→ Exercise data
━━━━

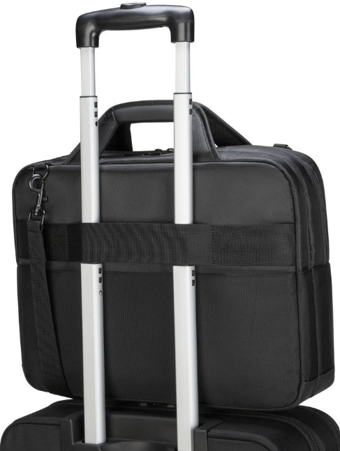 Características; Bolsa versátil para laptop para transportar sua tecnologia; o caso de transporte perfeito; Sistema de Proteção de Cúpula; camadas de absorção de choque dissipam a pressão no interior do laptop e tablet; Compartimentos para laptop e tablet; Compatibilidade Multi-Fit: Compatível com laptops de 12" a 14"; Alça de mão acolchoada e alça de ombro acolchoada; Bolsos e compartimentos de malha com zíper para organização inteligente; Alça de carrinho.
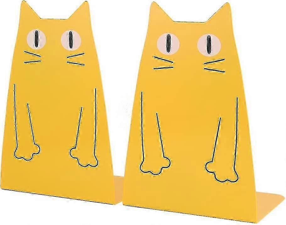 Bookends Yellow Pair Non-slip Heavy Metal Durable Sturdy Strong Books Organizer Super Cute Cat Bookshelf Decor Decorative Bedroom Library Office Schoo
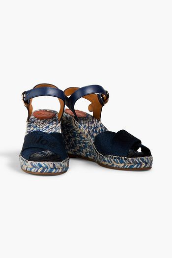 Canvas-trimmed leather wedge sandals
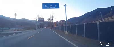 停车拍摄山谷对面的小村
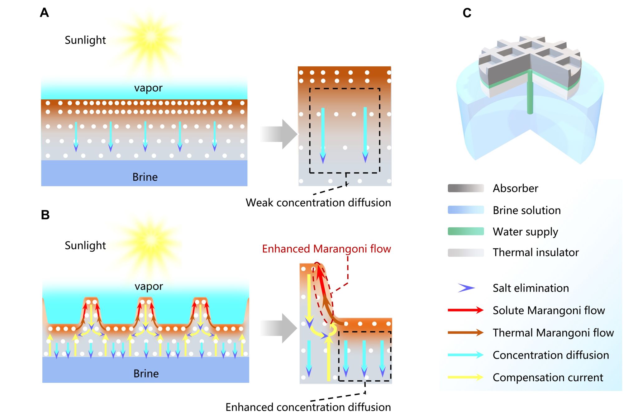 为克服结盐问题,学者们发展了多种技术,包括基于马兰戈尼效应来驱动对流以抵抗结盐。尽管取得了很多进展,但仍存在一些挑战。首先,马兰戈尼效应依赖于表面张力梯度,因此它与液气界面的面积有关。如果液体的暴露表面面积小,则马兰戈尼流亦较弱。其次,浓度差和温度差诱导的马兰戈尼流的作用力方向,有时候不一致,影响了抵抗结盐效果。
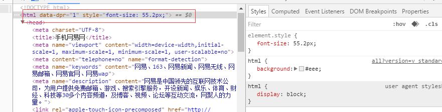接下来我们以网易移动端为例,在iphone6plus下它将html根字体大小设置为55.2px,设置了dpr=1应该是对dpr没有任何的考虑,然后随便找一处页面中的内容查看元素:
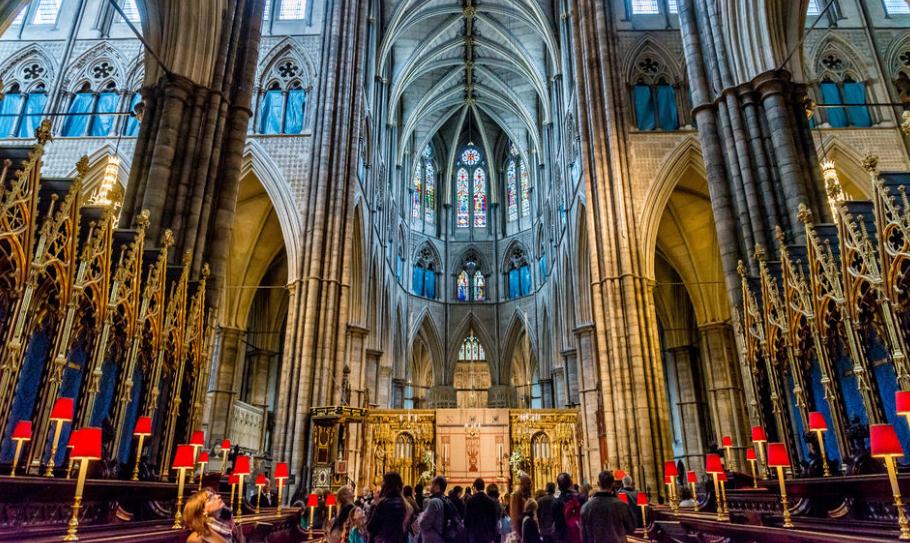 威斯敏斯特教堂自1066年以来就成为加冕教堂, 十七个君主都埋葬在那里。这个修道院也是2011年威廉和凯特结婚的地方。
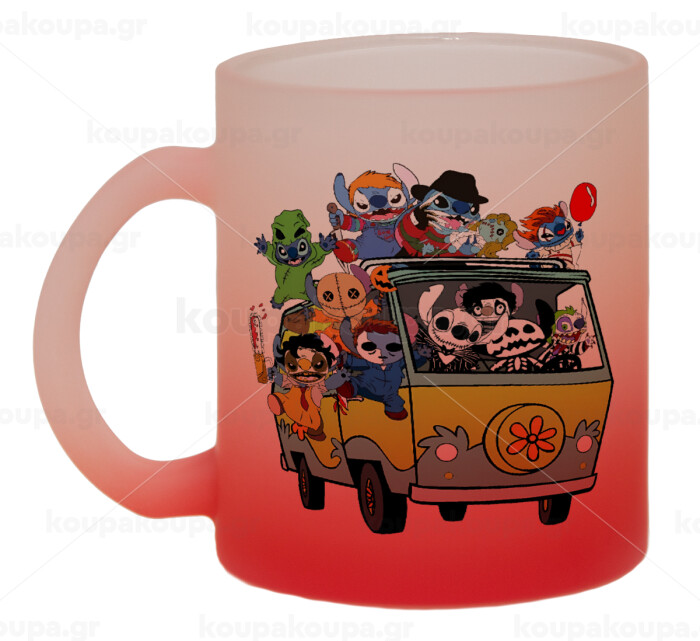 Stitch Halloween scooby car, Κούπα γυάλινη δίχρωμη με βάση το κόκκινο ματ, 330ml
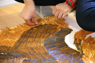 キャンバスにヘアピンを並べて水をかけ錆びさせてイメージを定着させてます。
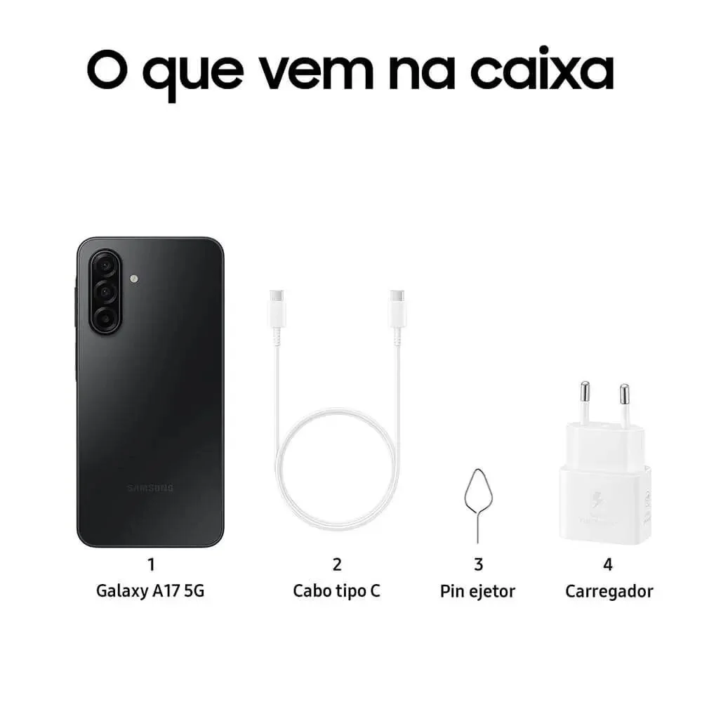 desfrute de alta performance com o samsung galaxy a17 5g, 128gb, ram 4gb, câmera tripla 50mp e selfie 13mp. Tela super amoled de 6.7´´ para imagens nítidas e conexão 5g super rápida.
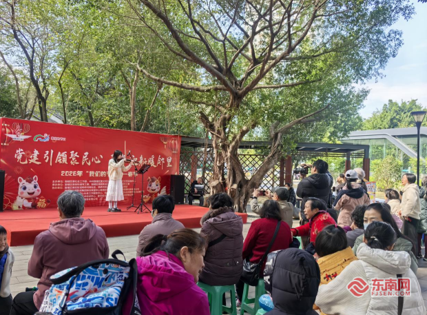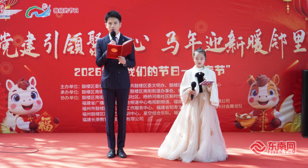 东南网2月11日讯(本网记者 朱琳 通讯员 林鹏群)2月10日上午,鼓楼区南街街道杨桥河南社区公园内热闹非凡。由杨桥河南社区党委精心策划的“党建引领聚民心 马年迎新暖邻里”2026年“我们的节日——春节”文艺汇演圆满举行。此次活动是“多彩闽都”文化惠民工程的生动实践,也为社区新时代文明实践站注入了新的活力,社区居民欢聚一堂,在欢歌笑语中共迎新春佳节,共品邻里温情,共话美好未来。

━━━━

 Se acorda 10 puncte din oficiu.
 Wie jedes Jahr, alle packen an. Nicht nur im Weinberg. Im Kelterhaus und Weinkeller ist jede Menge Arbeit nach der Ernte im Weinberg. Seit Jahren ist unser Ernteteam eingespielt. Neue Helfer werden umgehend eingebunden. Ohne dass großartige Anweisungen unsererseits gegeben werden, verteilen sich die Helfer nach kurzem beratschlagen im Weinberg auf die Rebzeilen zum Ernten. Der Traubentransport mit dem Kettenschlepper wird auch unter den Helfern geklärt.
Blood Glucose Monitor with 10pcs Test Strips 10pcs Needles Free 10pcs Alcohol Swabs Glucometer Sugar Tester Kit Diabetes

━━━━

→ Work instruction
In the data above, find the line containing "Canvas-trimmed leather wedge sandals" and the line containing "接下来我们以网易移动端为例,在iphon". Copy exactly the stretch from the first through the second, both included, leaving out any picture.

→ Task answer
 Canvas-trimmed leather wedge sandals
 停车拍摄山谷对面的小村
 为克服结盐问题,学者们发展了多种技术,包括基于马兰戈尼效应来驱动对流以抵抗结盐。尽管取得了很多进展,但仍存在一些挑战。首先,马兰戈尼效应依赖于表面张力梯度,因此它与液气界面的面积有关。如果液体的暴露表面面积小,则马兰戈尼流亦较弱。其次,浓度差和温度差诱导的马兰戈尼流的作用力方向,有时候不一致,影响了抵抗结盐效果。
接下来我们以网易移动端为例,在iphone6plus下它将html根字体大小设置为55.2px,设置了dpr=1应该是对dpr没有任何的考虑,然后随便找一处页面中的内容查看元素:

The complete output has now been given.